Редкостно невезучий Пробиркин закончил технический вуз восемь лет назад, в самый разгар рыночных реформ.
В то время, не имея опыта или блата, устроиться по специальности было трудно, – уволенные инженеры выстроились длинными очередями у центров трудоустройства. Недолго думая, обладатель новенького диплома с энтузиазмом окунулся в стихию рынка – стал менеджером в небольшой частной фирме. Несколько лет усердно продавал лабораториям больниц и предприятий химическую посуду: пробирки, колбы, мензурки и другие необходимые стекляшки…
Доктор считался неплохим специалистом, когда фирма рухнула. Прохиндеи-владельцы прихватили авансы клиентов и смылись. Подчиненные остались у разбитого корыта.
С тех пор Сергей (именно так родители назвали Пробиркина) настойчиво – и пока безуспешно – искал новую сферу применения своих талантов. Этим летом поиски привели, неожиданно для него самого, на должность инструктора по плаванию ДОЛ “Варяг”, или, сокращенно, – плаврука.
Оклад был символический, но идея провести лето на всем готовом в живописном курортном месте увлекла Доктора. Хотелось отдохнуть от круговерти последних месяцев и поразмыслить на лоне природы о жизненных планах…
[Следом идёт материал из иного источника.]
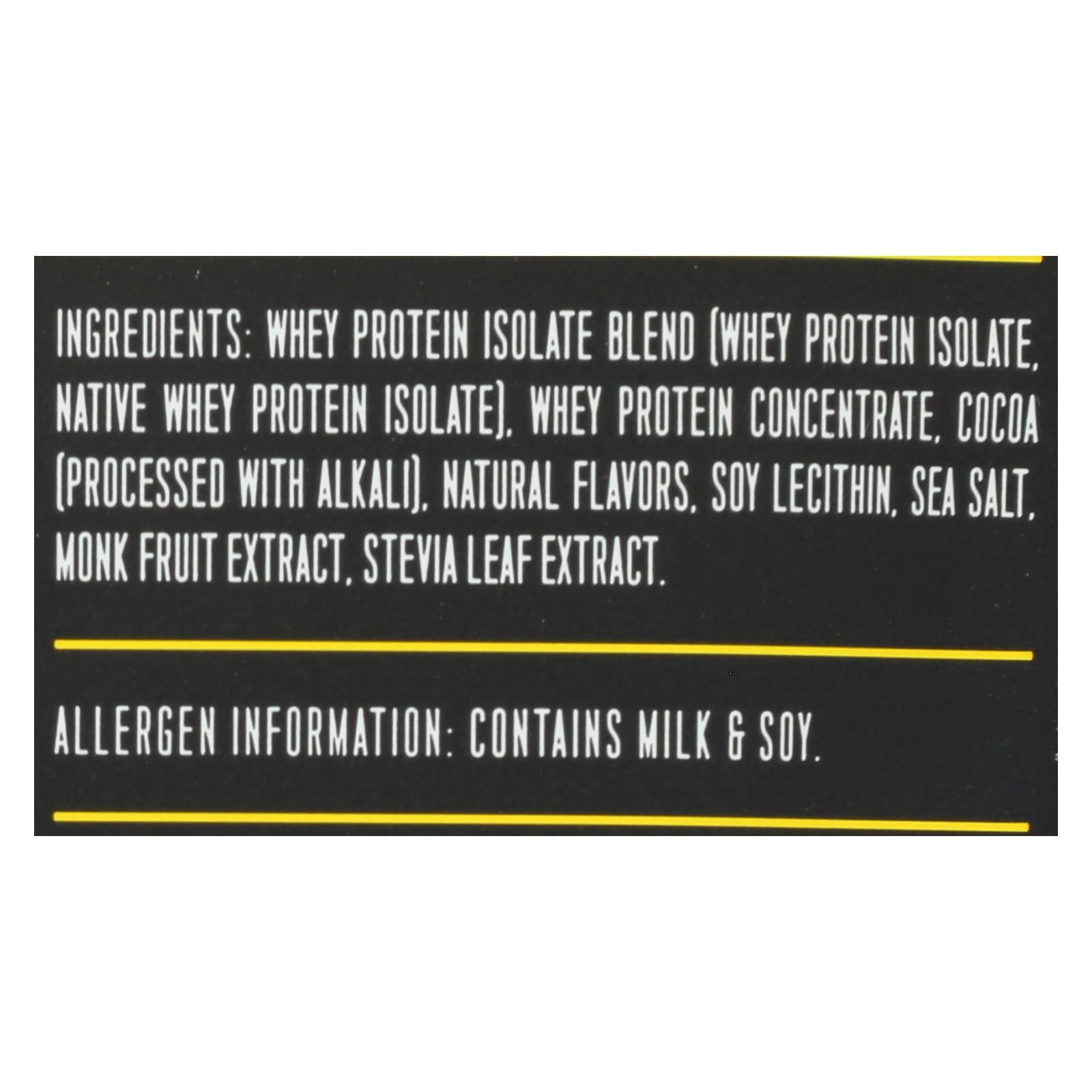 ingredients : whey protein isolate blend;native whey protein isolate;whey protein isolate;whey protein concentrate;cocoa;processed with alkali;natural flavors;sunflower lecithin;sea salt;monk fruit extract;stevia leaf extract

На традиционной вечеринке в начале сезона, когда набранные с бору по сосенке вожатые, воспитатели и кружководы знакомились и приглядывались друг к другу (впрочем, имелся и костяк персонала, хранивший традиции, – люди, постоянно, из года в год, выезжавшие на все лето в лагерь), – на той вечеринке захмелевшего Сергея одолел бес словоохотливости. Былаая работа составляла большую часть жизненного опыта плаврука и он настойчиво развлекал присутствующих рассказами на специфичные темы. Начинались истории одинаково: “А вот когда я торговал пробирками…”
Тогда, с легкой руки Леши Закревского, он и стал Доктором Пробиркиным. Впрочем, намертво прилипшая кличка звучала не обидно, и Сергей откликался на нее, как ни странно, даже с некоторой гордостью.
05 августа, 07:48, ДОЛ “Варяг”.
Склон круто поднимался от Чертова озера к ограде лагеря – и приходилось хвататься за ветки и невысокие кустики, чтобы удержать равновесие.
Степаныч выглядел рыболовом, идущим с утренней ловли – чехол с демонстративно торчащей удочкой и нелегальным содержимым закинут за спину, на зажатом в левой руке прутике трепыхаются два толстеньких, с золотисто-черной чешуей карася – подарок Чубайсу. Рыжий разбойник обычно встречал хозяина у неприметной, скрытой кустами прорехи в тронутой ржавчиной железной ограде…
Но сегодня отнюдь не кот поджидал там Степаныча.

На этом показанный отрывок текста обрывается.